= TO DO =
From the listing below, output the lines between the one with "Easily understand your" and the one with "Specification: Navaris vouwemmer, silicone", including those two, and nothing else. Pictures are not copied.

= PROVIDED ENTRIES =
# # # # # # #

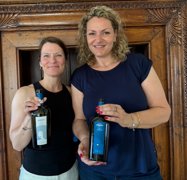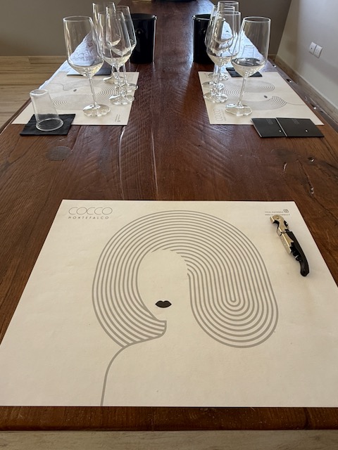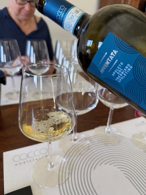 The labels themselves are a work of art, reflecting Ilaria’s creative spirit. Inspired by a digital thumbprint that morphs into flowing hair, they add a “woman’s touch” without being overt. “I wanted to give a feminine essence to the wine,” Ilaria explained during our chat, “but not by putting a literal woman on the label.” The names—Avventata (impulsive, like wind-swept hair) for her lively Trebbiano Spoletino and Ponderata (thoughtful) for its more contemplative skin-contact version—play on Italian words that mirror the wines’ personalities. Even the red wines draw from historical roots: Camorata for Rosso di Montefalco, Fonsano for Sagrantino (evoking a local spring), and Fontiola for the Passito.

# # # # # # #

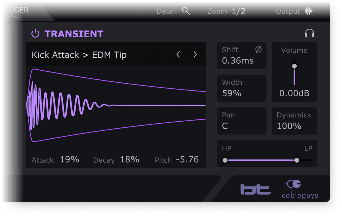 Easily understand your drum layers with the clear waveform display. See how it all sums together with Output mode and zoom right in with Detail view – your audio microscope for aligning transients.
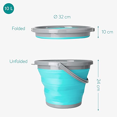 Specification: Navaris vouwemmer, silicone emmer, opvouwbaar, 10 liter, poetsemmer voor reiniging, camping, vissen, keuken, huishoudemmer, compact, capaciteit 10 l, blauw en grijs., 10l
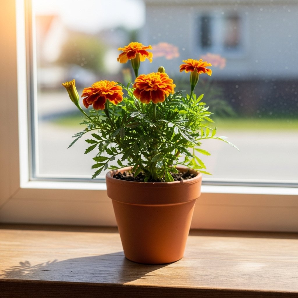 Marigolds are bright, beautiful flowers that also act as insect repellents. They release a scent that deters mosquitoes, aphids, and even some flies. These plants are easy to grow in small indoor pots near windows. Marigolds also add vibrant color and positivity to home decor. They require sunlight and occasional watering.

# # # # # # #

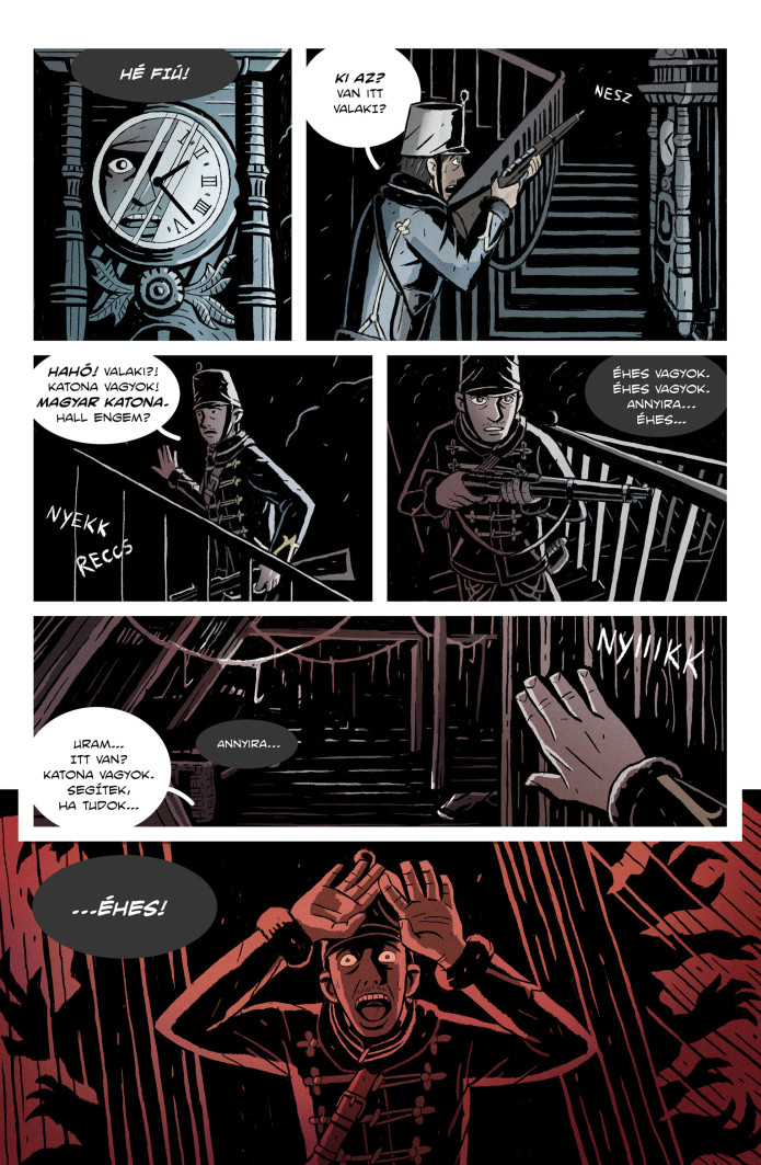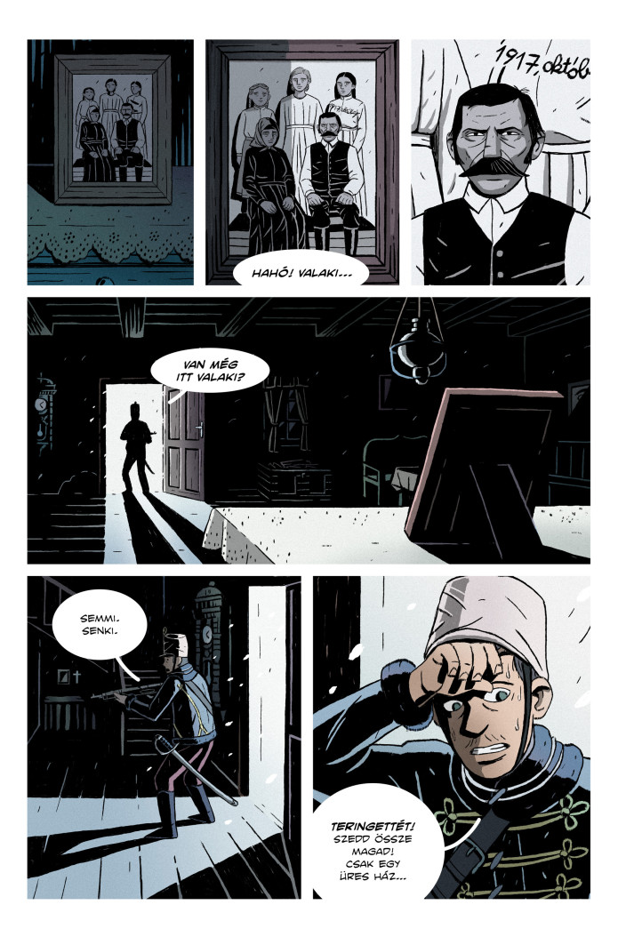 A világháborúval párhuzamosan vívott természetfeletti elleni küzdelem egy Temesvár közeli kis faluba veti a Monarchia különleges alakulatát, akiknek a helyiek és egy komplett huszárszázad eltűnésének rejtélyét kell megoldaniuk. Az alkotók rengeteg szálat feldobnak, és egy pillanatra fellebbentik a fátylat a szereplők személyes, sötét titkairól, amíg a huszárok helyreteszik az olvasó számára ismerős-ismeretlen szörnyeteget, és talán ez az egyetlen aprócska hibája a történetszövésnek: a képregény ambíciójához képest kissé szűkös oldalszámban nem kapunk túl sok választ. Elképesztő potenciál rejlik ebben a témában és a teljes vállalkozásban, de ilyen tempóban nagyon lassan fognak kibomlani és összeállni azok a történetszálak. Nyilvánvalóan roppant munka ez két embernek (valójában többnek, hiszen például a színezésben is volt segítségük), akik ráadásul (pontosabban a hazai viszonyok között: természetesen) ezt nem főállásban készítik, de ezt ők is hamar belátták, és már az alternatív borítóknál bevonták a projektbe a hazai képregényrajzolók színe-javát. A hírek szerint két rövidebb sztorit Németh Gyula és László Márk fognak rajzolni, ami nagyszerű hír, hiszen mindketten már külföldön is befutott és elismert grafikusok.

# # # # # # #

= RESULT =
 Easily understand your drum layers with the clear waveform display. See how it all sums together with Output mode and zoom right in with Detail view – your audio microscope for aligning transients.
 Specification: Navaris vouwemmer, silicone emmer, opvouwbaar, 10 liter, poetsemmer voor reiniging, camping, vissen, keuken, huishoudemmer, compact, capaciteit 10 l, blauw en grijs., 10l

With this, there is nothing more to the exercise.